-- Given data follows --

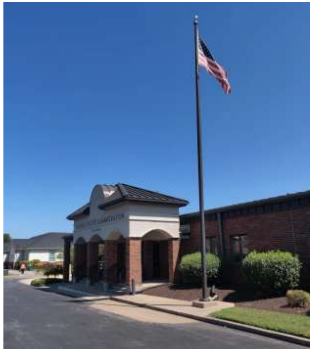
Wendell Foster Center Administration Building, 815 Triplett Street, Owensboro, KY
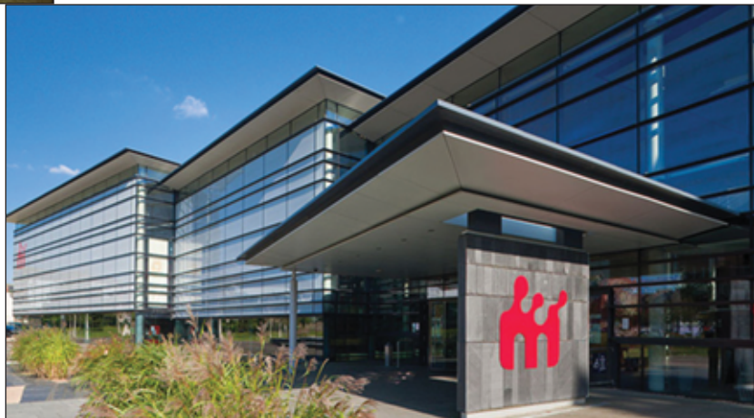
National Waterfront Museum, Swansea

The Association of History Teachers in Wales
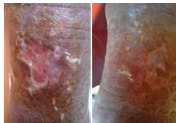
b Before after
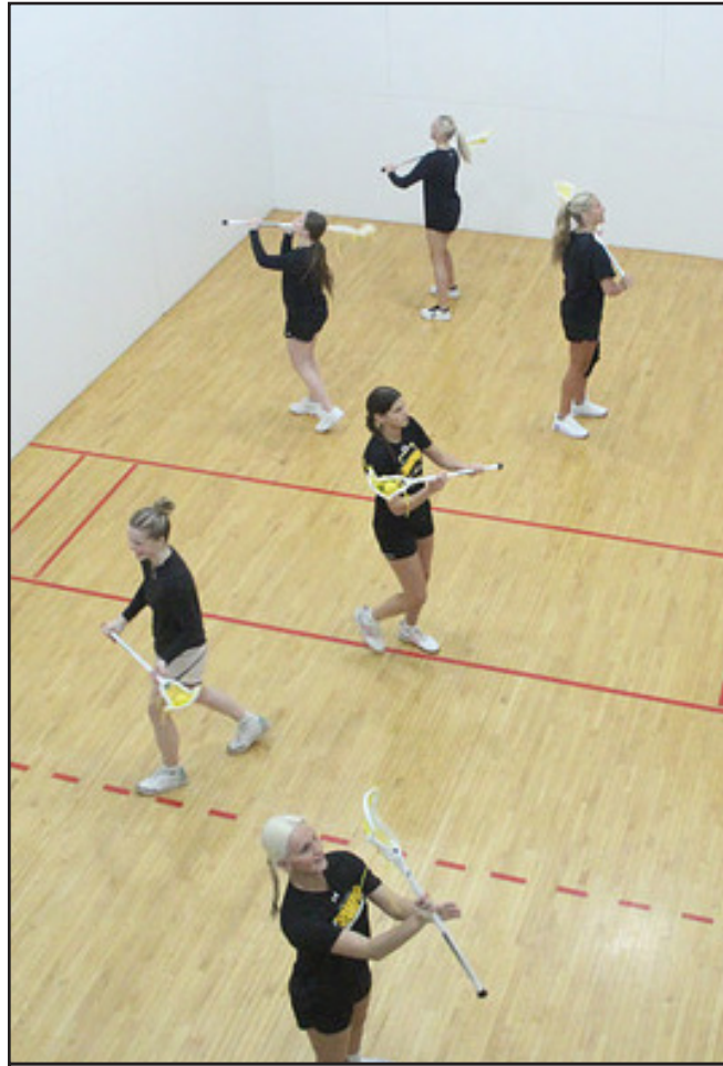
Lacrosse players hold their first ever practice inside the racquetball courts at the Marcovich Wellness Center on Mar. 17.

The early roster is small and largely new to the sport. Only about half of the players have prior lacrosse experience, and all but one are dual-sport
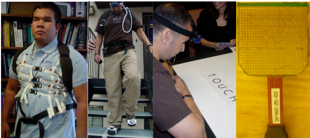
Figure 2: Blind servicemembers using prototype sensory substitution interfaces. ( left ) Using the TTI to receive peripheral attention directing tactile cues. ( center left ) Using the BP-WAVE II to negotiate stairs without assistance and ( center right ) to read text. ( right ) BrainPort ® Intraoral Device (IOD) electrotactile tongue array (~600 active tactile pixels).

With these systems we have demonstrated awareness of nearby objects on the torso and, through the BrainPort ® tongue array, identification of shapes, shape orientations, reading (up to 4-5 word sentences), catching balls rolled across a table, navigating unfamiliar office spaces, negotiating stairs, identifying open parking stalls from ones with vehicles, performing
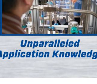
Unparalleled Application Knowledge
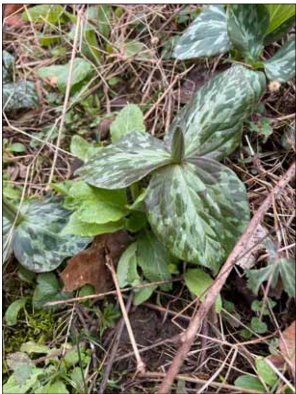
Toadshade Trillium.
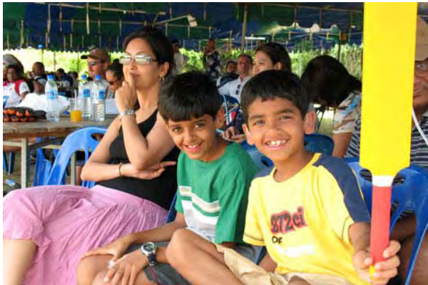
Spectators enjoying the tournament
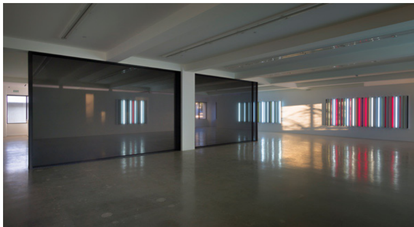
"Robert Irwin." Installation view, Sprüth Magers, Los Angeles, January 23 – April 21, 2018.

The installation at Sprüth Magers is a complex variation on the Dia installation that similarly uses space and divides it into rectilinear quadrants based on the support columns and ceiling grid of the room. The scrim, which is white and translucent, creates layers of geometric planes, which become more opaque in views where multiple planes overlap. Irwin has also painted square forms onto the scrim, creating a multitude of variations as one walks around and through the installation.
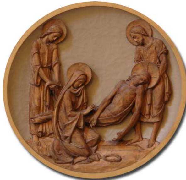
The way of the cross ends, not on Calvary, but at the gloriously empty tomb of Easter

F or many kids my age, Lent is just the month where we have to give up chocolate and can't eat hamburgers on Fridays. Personally, it did not seem to affect my life very much, except at church, where everything seemed somber and mysterious. I understood the rules of Lent, but I did not understand Lent itself, and I certainly could not
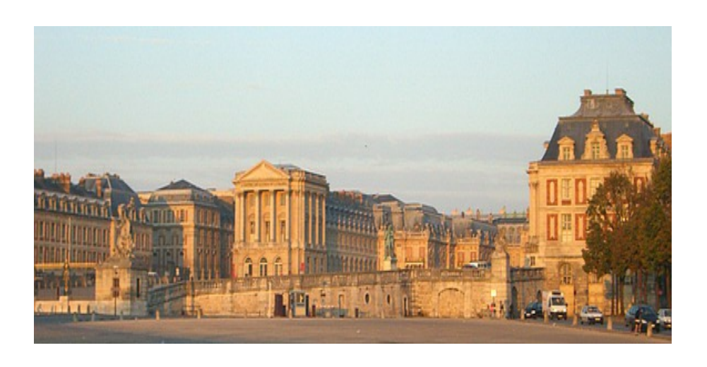
The Palace of Versailles

be fulfilled. Is 55:11 "So shall my word be that goeth forth out of my mouth: it shall not return unto me void, but it shall accomplish that which I please, and it shall prosper in the thing whereto I sent it". AMEN
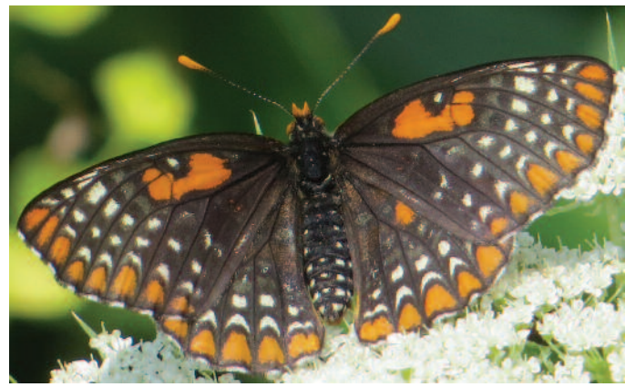
Baltimore Checkerspot (Euphydryas phaeton), 7/18/14, Woodsom Farm, Amesbury, MA
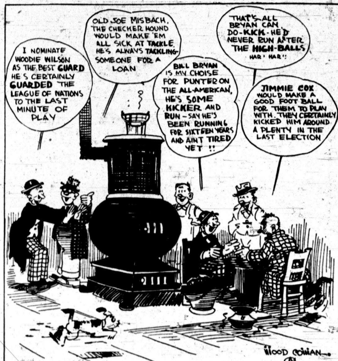
THE STOVE LEAGUERS POK IN ALL-AMERICAN FOOTBALL TEAM
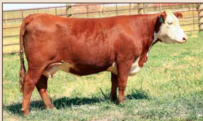
Lot 31 – HH MISS ADVANCE 1161J

-- Given data concluded --

■ Work to complete: The records above must be returned exactly, with each picture omitted.

■ Expected output:
Wendell Foster Center Administration Building, 815 Triplett Street, Owensboro, KY
National Waterfront Museum, Swansea

The Association of History Teachers in Wales
b Before after
Lacrosse players hold their first ever practice inside the racquetball courts at the Marcovich Wellness Center on Mar. 17.

The early roster is small and largely new to the sport. Only about half of the players have prior lacrosse experience, and all but one are dual-sport
Figure 2: Blind servicemembers using prototype sensory substitution interfaces. ( left ) Using the TTI to receive peripheral attention directing tactile cues. ( center left ) Using the BP-WAVE II to negotiate stairs without assistance and ( center right ) to read text. ( right ) BrainPort ® Intraoral Device (IOD) electrotactile tongue array (~600 active tactile pixels).

With these systems we have demonstrated awareness of nearby objects on the torso and, through the BrainPort ® tongue array, identification of shapes, shape orientations, reading (up to 4-5 word sentences), catching balls rolled across a table, navigating unfamiliar office spaces, negotiating stairs, identifying open parking stalls from ones with vehicles, performing
Unparalleled Application Knowledge
Toadshade Trillium.
Spectators enjoying the tournament
"Robert Irwin." Installation view, Sprüth Magers, Los Angeles, January 23 – April 21, 2018.

The installation at Sprüth Magers is a complex variation on the Dia installation that similarly uses space and divides it into rectilinear quadrants based on the support columns and ceiling grid of the room. The scrim, which is white and translucent, creates layers of geometric planes, which become more opaque in views where multiple planes overlap. Irwin has also painted square forms onto the scrim, creating a multitude of variations as one walks around and through the installation.
The way of the cross ends, not on Calvary, but at the gloriously empty tomb of Easter

F or many kids my age, Lent is just the month where we have to give up chocolate and can't eat hamburgers on Fridays. Personally, it did not seem to affect my life very much, except at church, where everything seemed somber and mysterious. I understood the rules of Lent, but I did not understand Lent itself, and I certainly could not
The Palace of Versailles

be fulfilled. Is 55:11 "So shall my word be that goeth forth out of my mouth: it shall not return unto me void, but it shall accomplish that which I please, and it shall prosper in the thing whereto I sent it". AMEN
Baltimore Checkerspot (Euphydryas phaeton), 7/18/14, Woodsom Farm, Amesbury, MA
THE STOVE LEAGUERS POK IN ALL-AMERICAN FOOTBALL TEAM
Lot 31 – HH MISS ADVANCE 1161J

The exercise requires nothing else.